**Exercise:** Without including any images, repeat the listing below exactly.

**Data segment:**
━━━

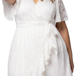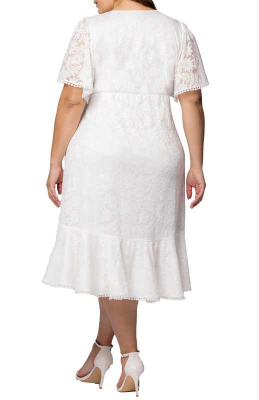 Turn heads in the Plus Size Palermo Lace Faux Wrap Cocktail Dress. Made from stretch lace, this dress features a flattering surplice V neckline, short flutter sleeves, and a waist-defining tie detail. The flowy midi skirt with flounce detailing adds graceful movement, while pom-pom trim on the sleeves and flounces adds a playful touch.
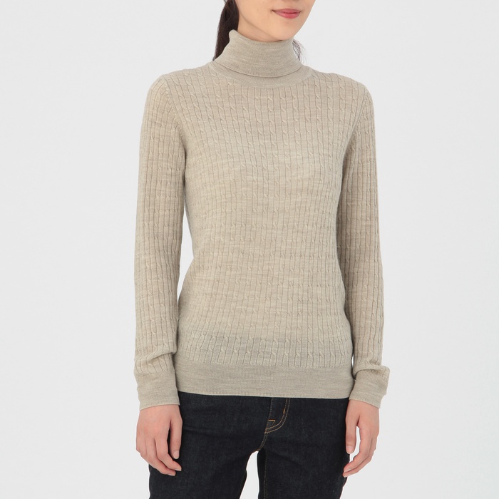 Muji 목의지쿠치구를 파악(압류)했다케이블무늬 씻을 수 있는 터틀넥 부인S오프백 편의점 수취가
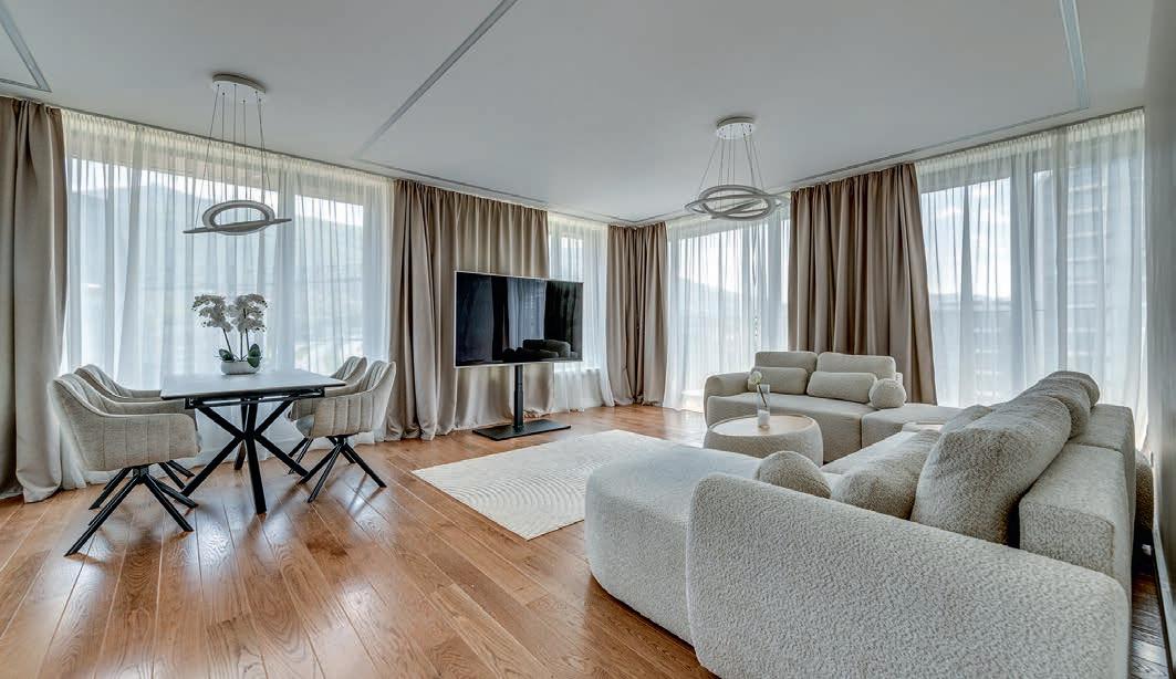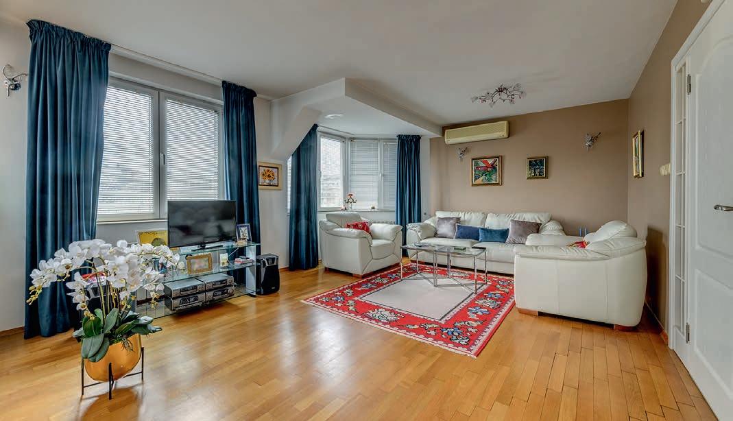 Exclusive apartment in Boyana district with a panoramic terrace and views of Vitosha Mountain. The interior impresses with furniture and lighting from leading brands such as Scavolini, Reflex, Minotti, Fontana Arte, Folio Doro and Mirage, and the multimedia experience is guaranteed by Bang & Olufsen TVs. The modern kitchen, air conditioning and underfloor heating provide complete comfort, while 24-hour security and video surveillance guarantee security and peace of mind.

━━━

**Your solution:**
 Turn heads in the Plus Size Palermo Lace Faux Wrap Cocktail Dress. Made from stretch lace, this dress features a flattering surplice V neckline, short flutter sleeves, and a waist-defining tie detail. The flowy midi skirt with flounce detailing adds graceful movement, while pom-pom trim on the sleeves and flounces adds a playful touch.
 Muji 목의지쿠치구를 파악(압류)했다케이블무늬 씻을 수 있는 터틀넥 부인S오프백 편의점 수취가
 Exclusive apartment in Boyana district with a panoramic terrace and views of Vitosha Mountain. The interior impresses with furniture and lighting from leading brands such as Scavolini, Reflex, Minotti, Fontana Arte, Folio Doro and Mirage, and the multimedia experience is guaranteed by Bang & Olufsen TVs. The modern kitchen, air conditioning and underfloor heating provide complete comfort, while 24-hour security and video surveillance guarantee security and peace of mind.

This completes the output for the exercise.